- _THE INPUT_:
+++

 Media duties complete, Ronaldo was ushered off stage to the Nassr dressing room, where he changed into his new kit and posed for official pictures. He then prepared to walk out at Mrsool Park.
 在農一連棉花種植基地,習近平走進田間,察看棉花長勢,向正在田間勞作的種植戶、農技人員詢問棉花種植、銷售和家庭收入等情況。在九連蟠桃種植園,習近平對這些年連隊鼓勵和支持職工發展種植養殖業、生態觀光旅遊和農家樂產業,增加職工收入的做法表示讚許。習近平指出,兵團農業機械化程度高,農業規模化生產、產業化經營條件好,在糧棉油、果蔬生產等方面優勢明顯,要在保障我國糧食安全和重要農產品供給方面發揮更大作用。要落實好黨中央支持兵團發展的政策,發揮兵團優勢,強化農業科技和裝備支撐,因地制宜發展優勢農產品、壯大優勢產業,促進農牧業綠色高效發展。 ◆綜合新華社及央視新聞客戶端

+++

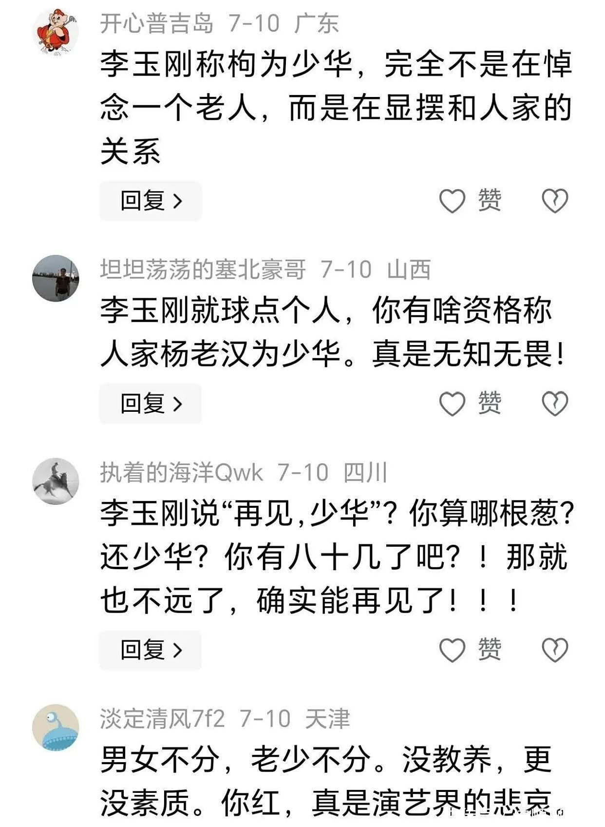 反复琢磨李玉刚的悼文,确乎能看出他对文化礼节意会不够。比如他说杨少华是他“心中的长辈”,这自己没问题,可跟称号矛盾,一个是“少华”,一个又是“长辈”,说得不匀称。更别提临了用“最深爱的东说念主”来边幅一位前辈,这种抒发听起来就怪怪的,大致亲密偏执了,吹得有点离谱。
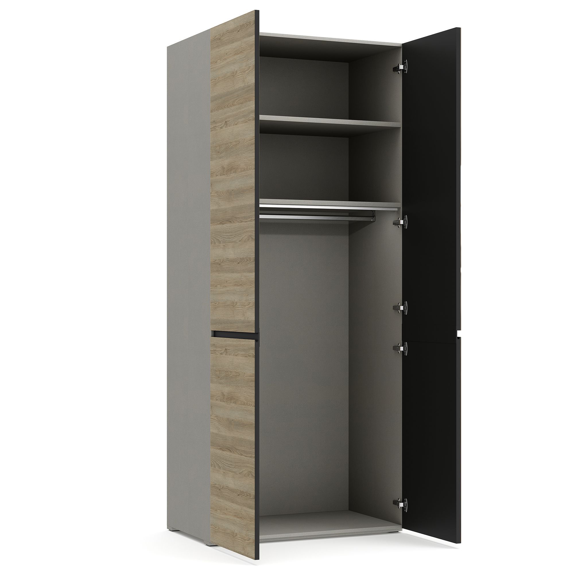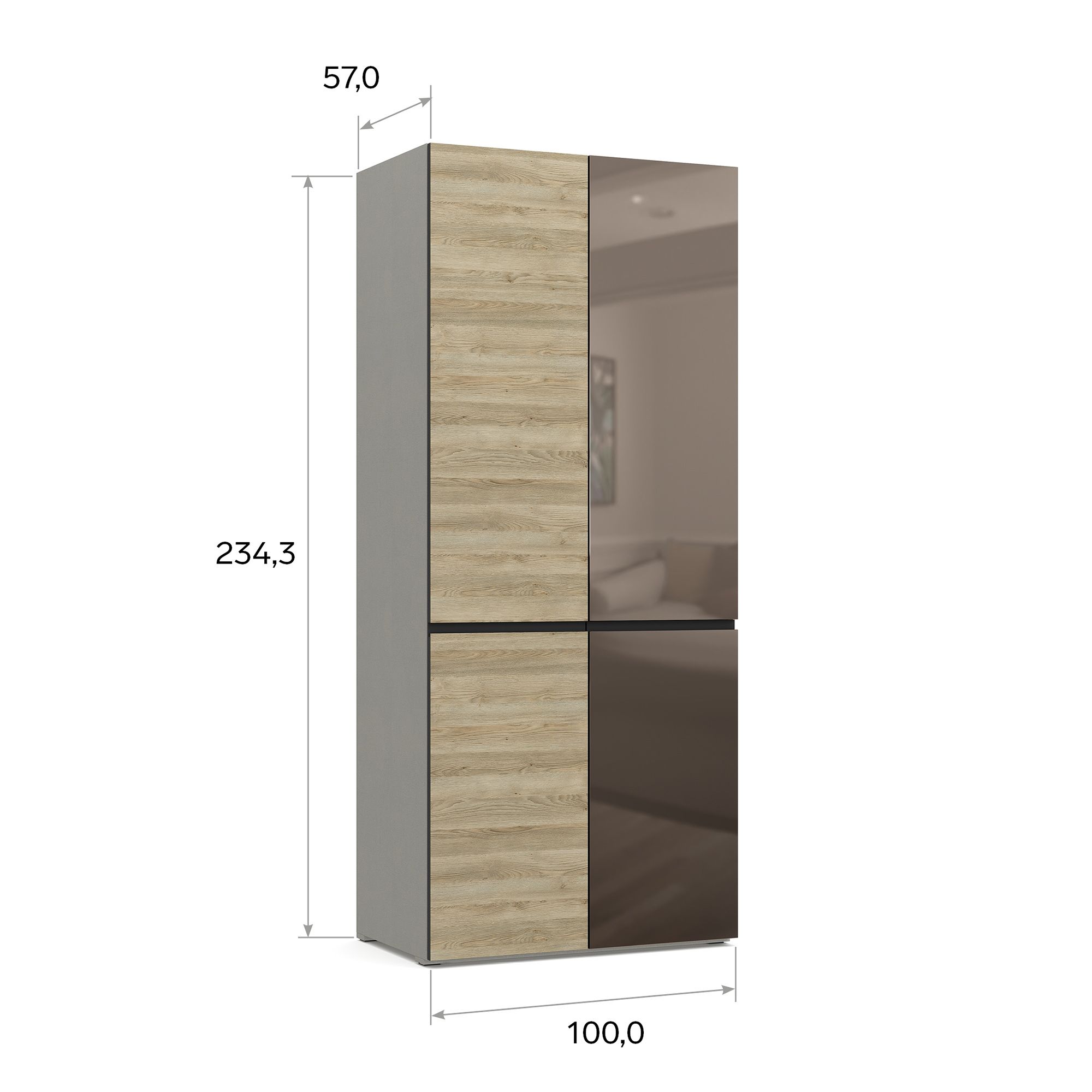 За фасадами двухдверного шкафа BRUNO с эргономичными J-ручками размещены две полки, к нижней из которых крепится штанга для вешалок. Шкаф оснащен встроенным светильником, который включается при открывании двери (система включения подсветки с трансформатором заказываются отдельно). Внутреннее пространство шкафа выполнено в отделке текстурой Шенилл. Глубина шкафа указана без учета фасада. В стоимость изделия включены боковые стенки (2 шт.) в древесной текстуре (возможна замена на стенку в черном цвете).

+++

- _WHAT YOU HAVE TO DO_:
Above are records; write out the lines from the one with "反复琢磨李玉刚的悼文,确乎能" down to the one with "За фасадами двухдверного", exactly, leaving the pictures out.

- _ANSWER_:
 反复琢磨李玉刚的悼文,确乎能看出他对文化礼节意会不够。比如他说杨少华是他“心中的长辈”,这自己没问题,可跟称号矛盾,一个是“少华”,一个又是“长辈”,说得不匀称。更别提临了用“最深爱的东说念主”来边幅一位前辈,这种抒发听起来就怪怪的,大致亲密偏执了,吹得有点离谱。
 За фасадами двухдверного шкафа BRUNO с эргономичными J-ручками размещены две полки, к нижней из которых крепится штанга для вешалок. Шкаф оснащен встроенным светильником, который включается при открывании двери (система включения подсветки с трансформатором заказываются отдельно). Внутреннее пространство шкафа выполнено в отделке текстурой Шенилл. Глубина шкафа указана без учета фасада. В стоимость изделия включены боковые стенки (2 шт.) в древесной текстуре (возможна замена на стенку в черном цвете).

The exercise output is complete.